No Monte das Oliveiras, junto à Gruta dos Apóstolos,
encontra-se a igreja da Tumba de Maria, sob os cuidados dos ortodoxos
bizantinos e armênios (que a tomaram dos franciscanos em 1757). O suposto
túmulo encontra-se em uma caverna subterrânea, cujo acesso se dá por uma escada
que remonta ao século XII.
A histórica escada que dá acesso à Tumba de Maria |
No Monte Sião, por sua vez, ao lado do Cenáculo, encontra-se
a Abadia da Dormição, sob a responsabilidade dos beneditinos. O último
imperador da Alemanha, Guilherme II, comprou o terreno em 1898. A atual abadia
foi construída entre 1900 e 1910.
Abadia da Dormição - Jerusalém |
Abadia da Dormição: igreja superior |
A igreja, em formato circular, possui dois níveis: o nível
superior, com a capela principal e vários altares laterais; e o nível inferior,
com uma grande imagem da Virgem Maria morta, sob um mosaico representando seis
mulheres do Antigo Testamento ao redor de Cristo: Eva (Gn), Míriam (Ex), Jael (Jz), Judite (Jt), Rute (Rt) e Ester (Est).
Abadia da Dormição: igreja inferior (imagem de Maria morta) |
Cristo e as mulheres do Antigo Testamento |
O que dissemos da igreja de Santa Ana vale também aqui: nos dias em
que as Missas votivas são permitidas, o sacerdote poderia tomar um dos
formulários da Coletânea de Missas de Nossa Senhora. Por sua proximidade com o Cenáculo, são especialmente
indicados os formulários nn. 17-18 (Maria no Cenáculo e Rainha dos Apóstolos)

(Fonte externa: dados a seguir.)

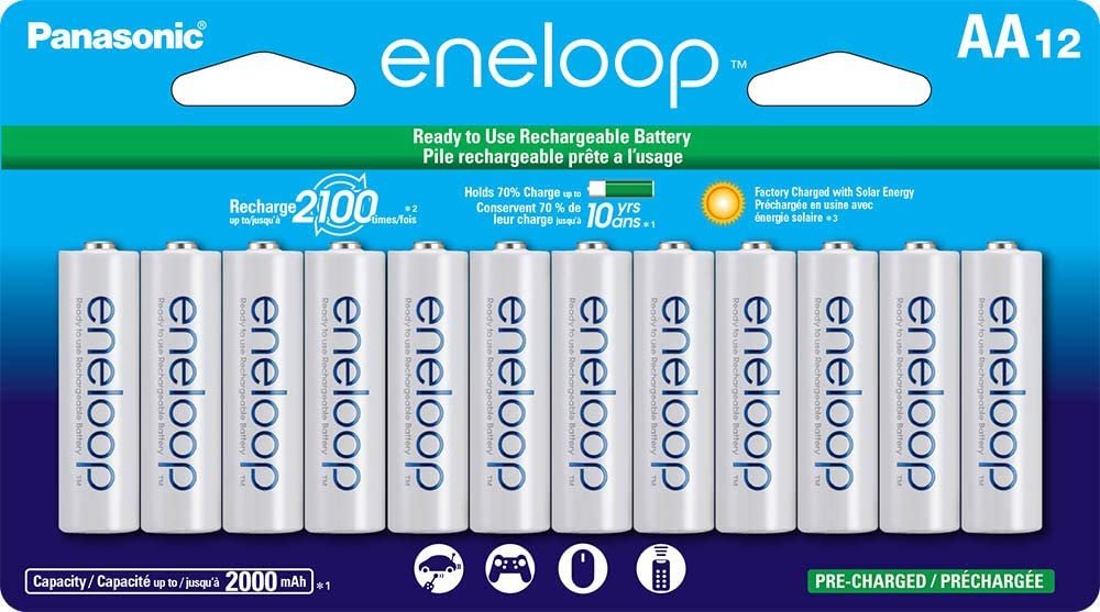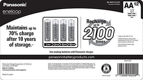 Panasonic BK-3MCCA12FA eneloop AA 2100 Cycle Ni-MH Pre-Charged Rechargeable Batteries, 12 Pack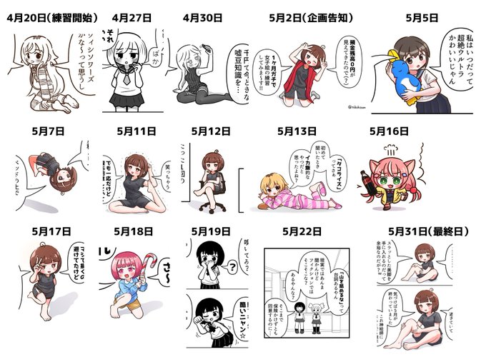 女子絵スーパー強化月間完了ということで、全体公開で総括記事を書きました!! ついでに全部じゃないけど描いた絵も1枚にまとめました nikokosan.fanbox.cc/posts/3901339 #今月描いた絵を晒そう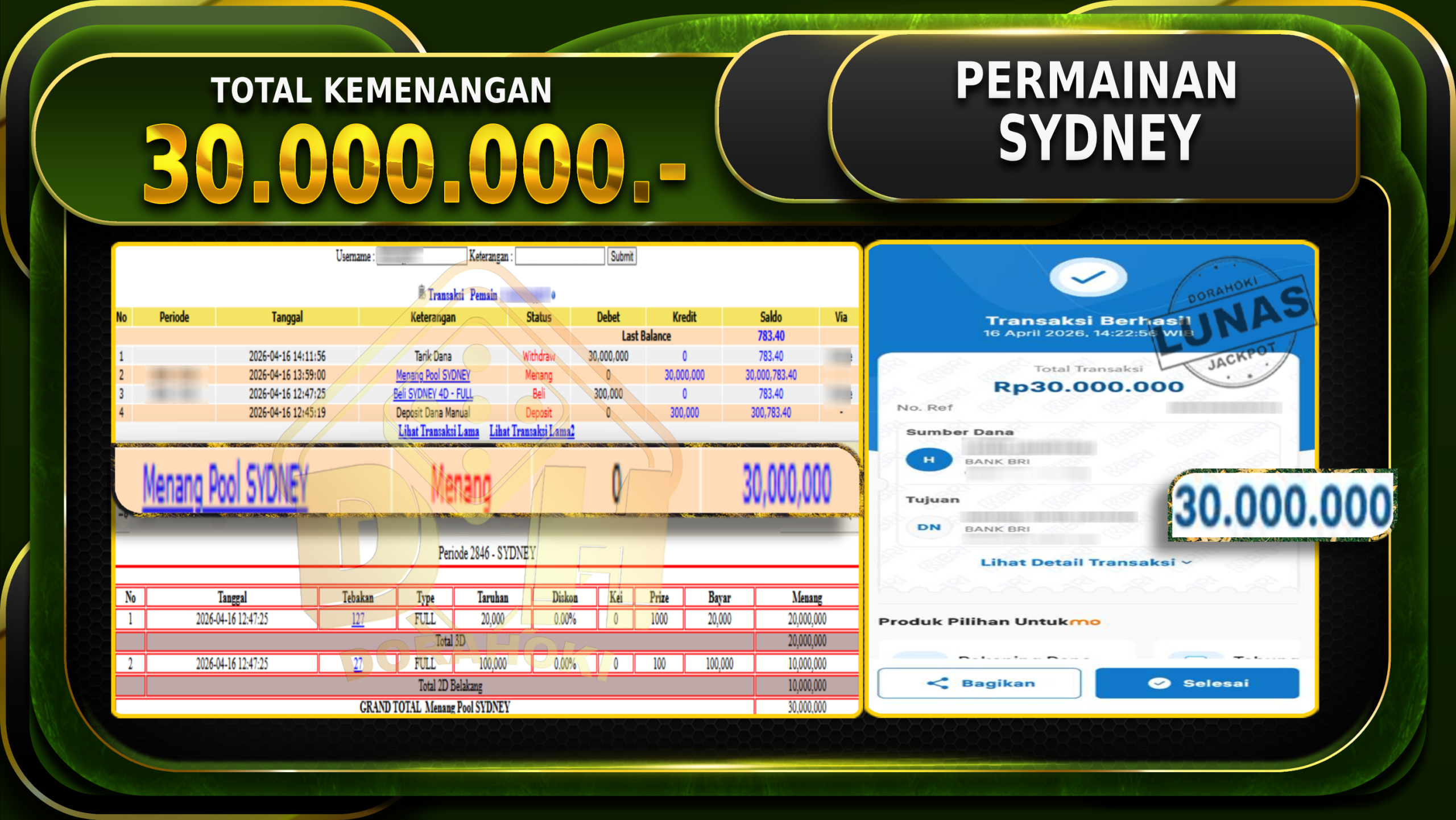 Bukti JP TOGEL SYDNEY – ucapkan selamat kepada user id marxxx atas kemenangan di TOGEL SYDNEY dengan total kemenangan Rp 44.400.000,- . Yang pasti nya langsung LUNAS sesuai bukti ya bosku. Dorahoki nih bosku berapapun akan tetap kami bayar lunas ya bosku.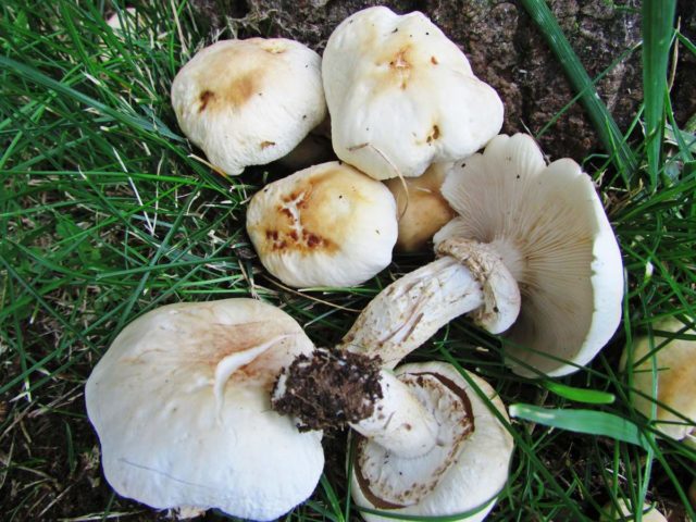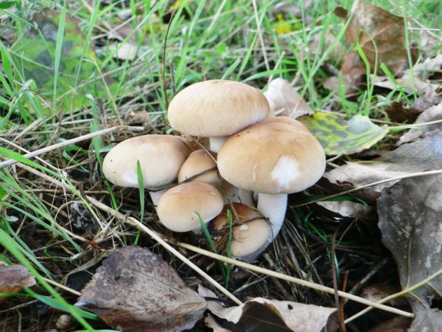 Pilze der Familie Strophariev zeichnen sich durch eine besondere Färbung der Sporen aus: Sie haben violette oder lila Töne. Die zylindrische Wühlmaus (Latin Agrocybe cylindracea) zeichnet sich durch grau-braune Tabaksporen aus, die sich zwischen den Platten befinden.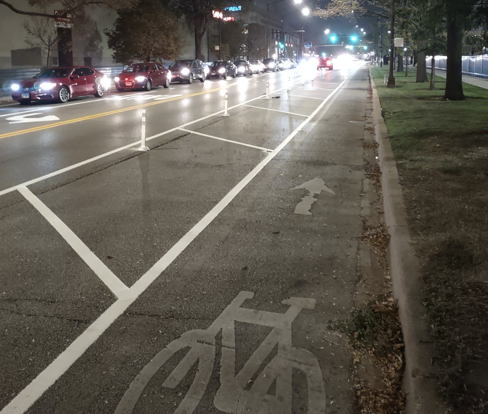 On the bright side, CDOT has striped new paint-and-post lanes on Logan east of Western to Diversey Avenue at the river, by the Diversey Rock and Bowl bowling alley. In some cases the lanes include parking-protection – cyclists will be riding between the curb and parked cars, separated from moving traffic.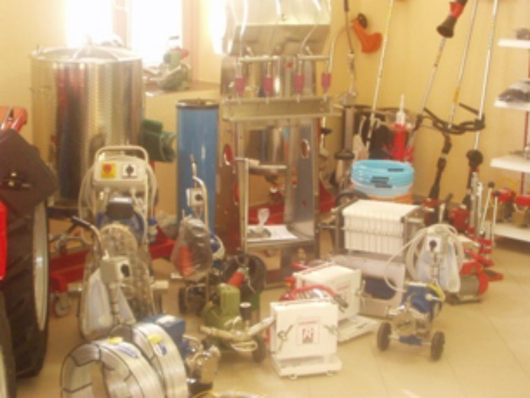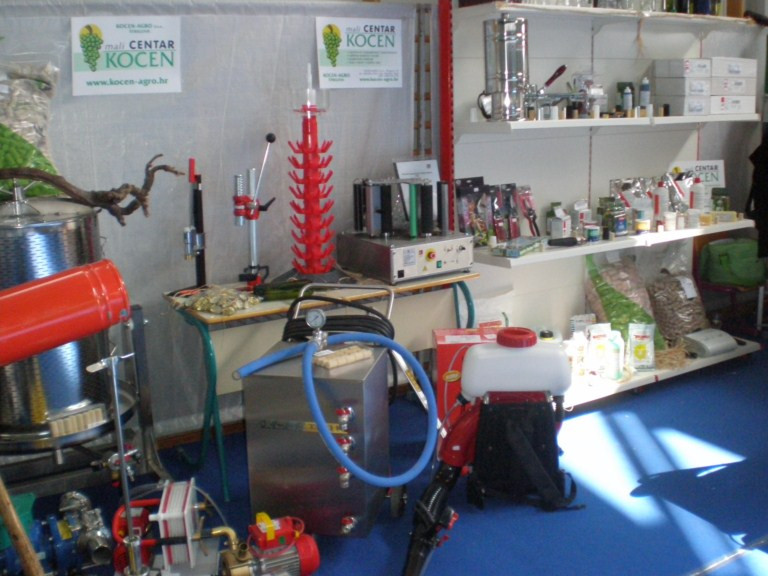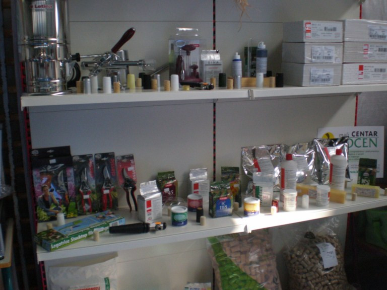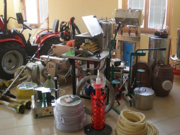 - ostala oprema i pribor za vinogradare i podrumare ( stupovi,žica i natezači, zaštitne vrećice za trsove, razne vrste veziva, škare za rezanje - profi i hobi, ručne i motorne prskalice, trimeri, inoh, drvene i PVC pipe za bačve, moštomjeri, vrenjače, refraktometri, dezinfektori i ocjeđivači za boce

ou 25-27 (Maria, Mãe da Igreja).
A Virgem Maria e os Apóstolos |
[1] Os franciscanos podem rezar as Vésperas no Cenáculo apenas
dois dias por ano: na Quinta-feira Santa e no Domingo de Pentecostes. Até onde
sabemos apenas duas vezes foi permitido celebrar Missas no local: na visita do
Papa João Paulo II durante o Grande Jubileu do ano 2000 e na visita do Papa
Francisco em 2014. O Papa Bento XVI, quando visitou o Cenáculo em 2009,
limitou-se a rezar o Regina Coeli. O
Papa Paulo VI, em 1964, visitou o local de forma privada.